Stored records

-----

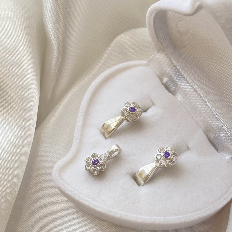 Conjunt de plata de llei 925 amb zirconi brillant i zirconi morat! Les dones fa temps que han intentat emfatitzar la seva bellesa, fragilitat i encant amb l'ajuda de joies. La joieria de dona té moltes cares. Poden reflectir tant la gràcia com la modèstia i l'extravagància de la imatge.
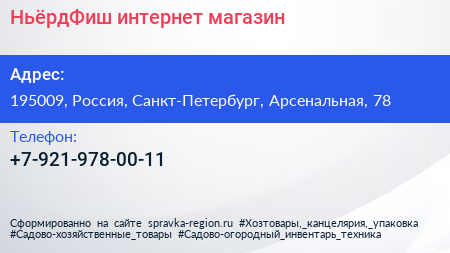 НьёрдФиш, интернет-магазин по адресу 195009, Россия, Санкт-Петербург, Арсенальная, 78 в дальнейшем Организация, размещена в следующих категориях:
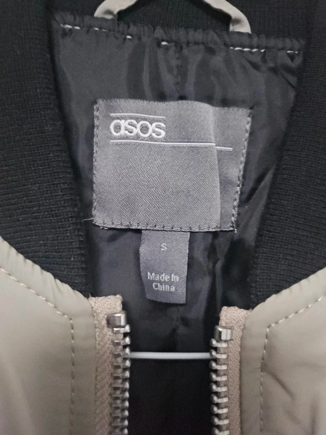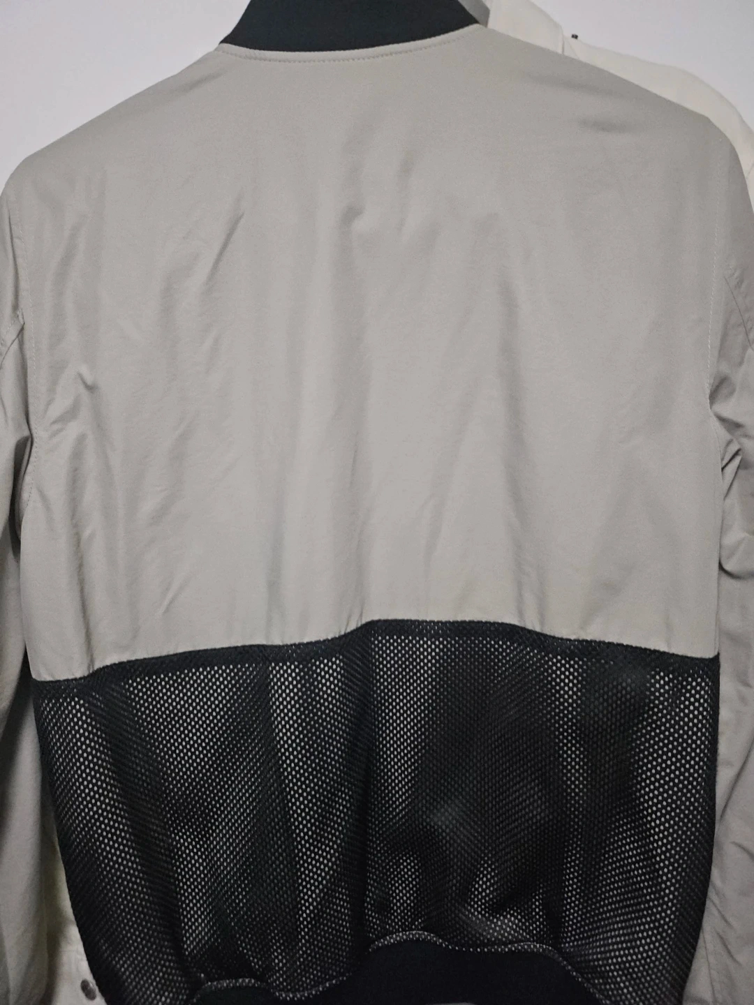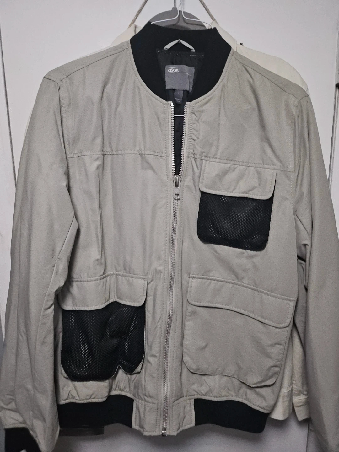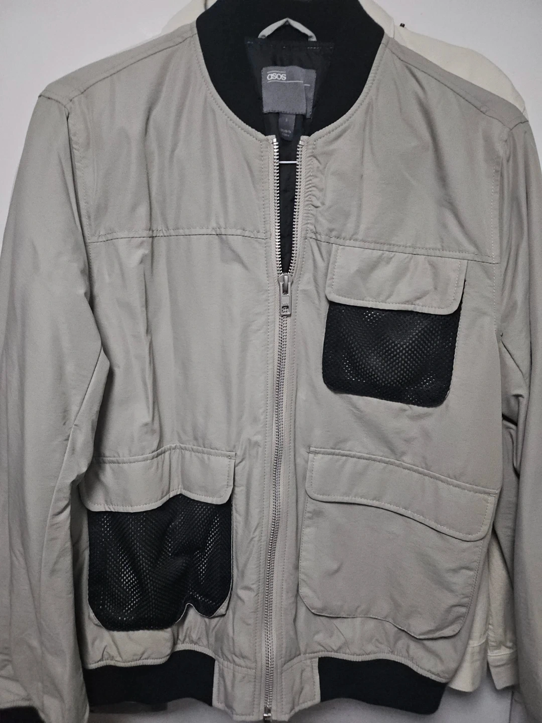 Lightweight ASOS bomber jacket in a neutral gray color. Features multiple pockets with black mesh accents on the front and a mesh panel on the lower back. Zipper closure. Size S.
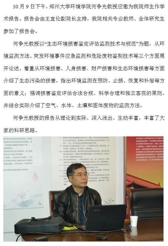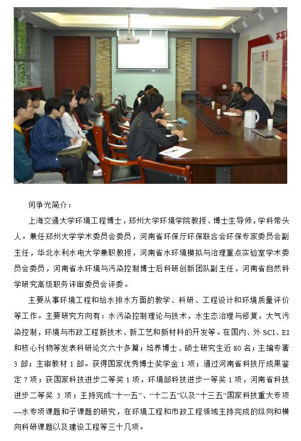 郑州大学环境学院何争光教授来成人网 做学术交流
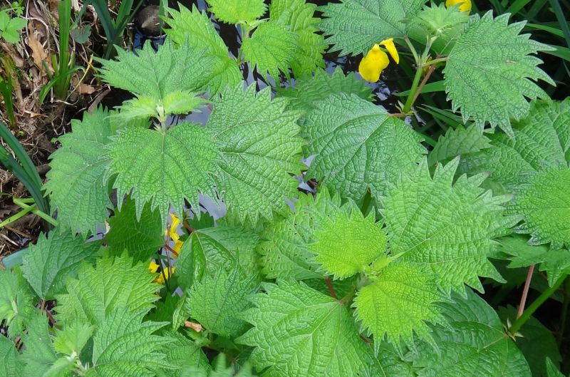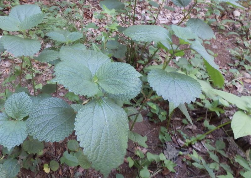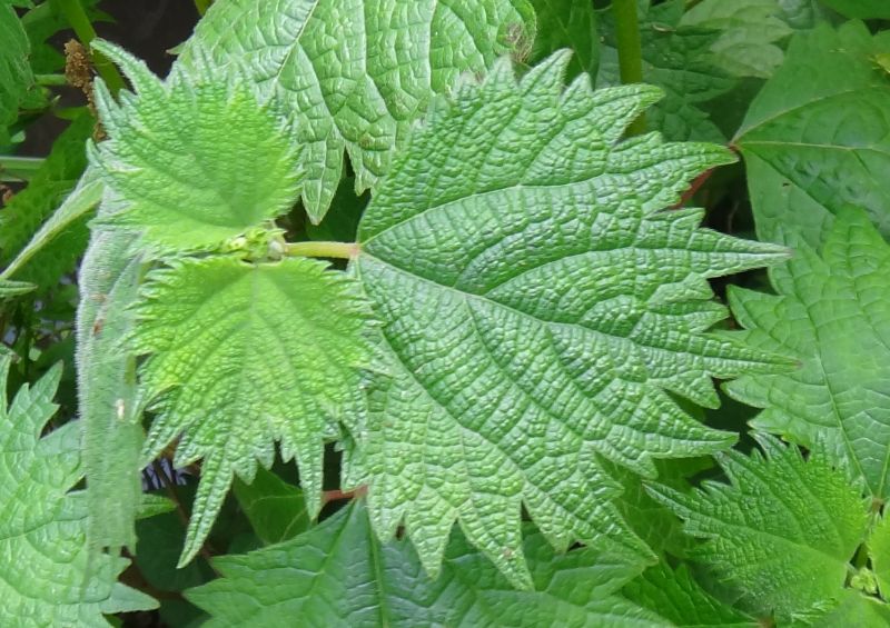 イラクサ :草、葉の基部は心形、先は3裂せずに尾状にとがり、欠刻状鋸歯、茎や葉柄、葉に棘。

-----

WORK REQUIRED>
Please reproduce the records above exactly, omitting every picture.

SOLUTION>
 Conjunt de plata de llei 925 amb zirconi brillant i zirconi morat! Les dones fa temps que han intentat emfatitzar la seva bellesa, fragilitat i encant amb l'ajuda de joies. La joieria de dona té moltes cares. Poden reflectir tant la gràcia com la modèstia i l'extravagància de la imatge.
 НьёрдФиш, интернет-магазин по адресу 195009, Россия, Санкт-Петербург, Арсенальная, 78 в дальнейшем Организация, размещена в следующих категориях:
 Lightweight ASOS bomber jacket in a neutral gray color. Features multiple pockets with black mesh accents on the front and a mesh panel on the lower back. Zipper closure. Size S.
 郑州大学环境学院何争光教授来成人网 做学术交流
 イラクサ :草、葉の基部は心形、先は3裂せずに尾状にとがり、欠刻状鋸歯、茎や葉柄、葉に棘。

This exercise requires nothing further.